There are a number of bizarre and outdated superstitions involving who can board a boat and what sort of luck they may bring. For example, women on a ship were said to ignite jealousy from the boat itself, which were considered to be feminine in gender. This is due to the infamous lore that virgin girls were sacrificed to appease the gods at the boat’s naming ceremony. Another bizarre superstition involves redheads and those that are flatfooted. Certainly not to be taken on board, the only way to break the impending curse of even coming across such people is to make sure you talk first.
One of the rudest things one can do on a boat is to bring aboard flowers. Considered grave omens of bad luck, flowers, which are also used at funerals, are for this reason never allowed on a vessel.

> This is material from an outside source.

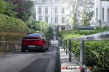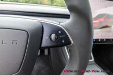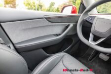 La voiture est équipée d’une pompe à chaleur pour réduire l’énergie nécessaire au chauffage. Les freins à disque (355 mm à l’avant et 335 mm à l’arrière) assurent les freinages puissants en complément de la régénération. Avec 2.4 tours de butée à butée, la direction est assez directe mais le diamètre de braquage de 12.13 m est plutôt médiocre, ce qui est peu pratique pour une voiture de cette taille. Quant au poids, Tesla ne le communique pas mais Internet indique 2’054 kg à vide.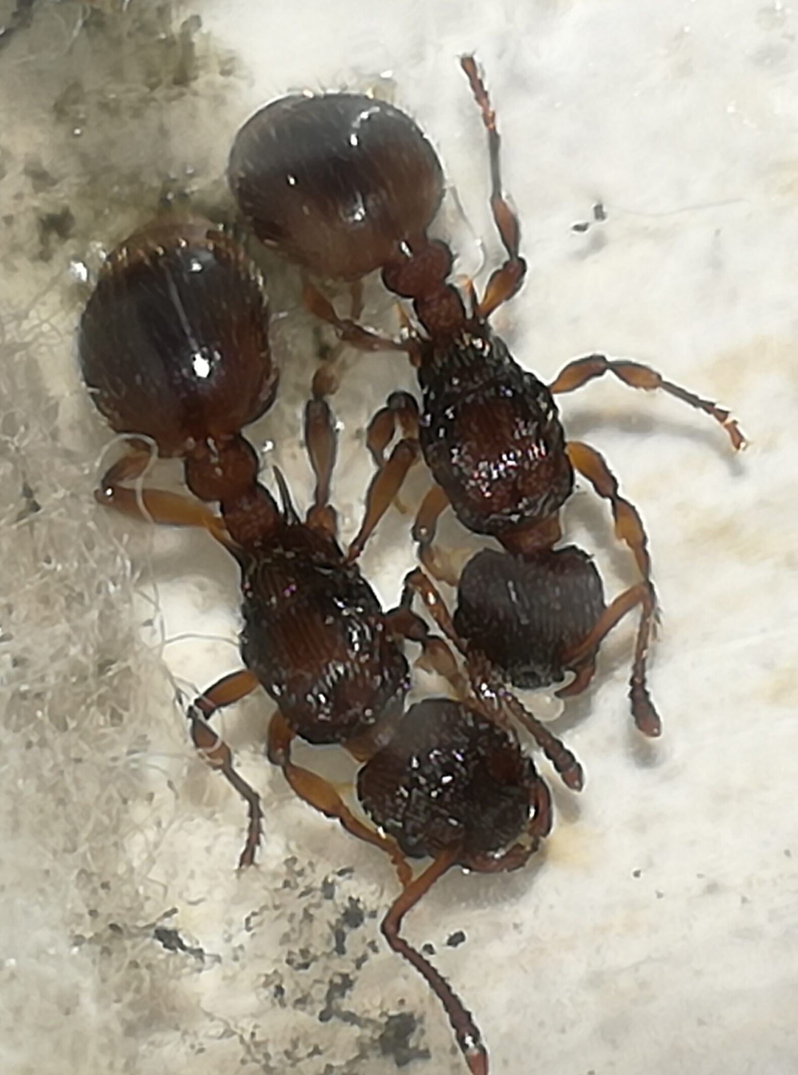 Ma sei sicuro? È IDENTICA alle altre regine di Myrmica rubra, le ho messe in provetta insieme, per un attimo si sono annusate, poi improvvisamente la hanno attaccata, ora la tengo in una provetta separata. È solo 1mm più grande, ti allego una foto delle mie regine di Myrmica rubra, almeno vediamo se almeno le mie regine sono effettivamente di Myrmica rubra

It turns out there is a reason behind the sailor and pirate look we have all become so familiar with and it is steeped deeply in superstition. From Popeye to Jack Sparrow, the iconic pirate image includes two significant elements: tattoos and earrings. Tattoos were believed to protect against drowning and shipwreck and secure a safe return. Sailors in World War II would tattoo a pig and a rooster on either foot in the hopes it would keep them from drowning. The superstition is derived from the fact that when ships transporting animals went down, their crates would float, leaving such animals as the sole survivors. As for earrings, it was believed wearing an earring would not only protect against drowning but also alleviate symptoms of rheumatism and seasickness. Having an ear pierced was also believed to improve eyesight in the opposite eye. Myth or not, the earrings did serve a number of practical purposes; pirates would hang wax on their earrings to use as earplugs when cannons were shot and if a pirate washed wash ashore, the gold hook served as payment for the proper burial. The reason pirates and sailors, in general, tend to have beards is due to the superstition that cutting hair, shaving or trimming one’s nails could insult the sea god Neptune, which would surely bring about a grim fate in the journey. On a final note, the eye patch preferred by certain pirates was just that, a preference. Supposedly they would wear them to allow them to quickly adapt to the darkness below deck.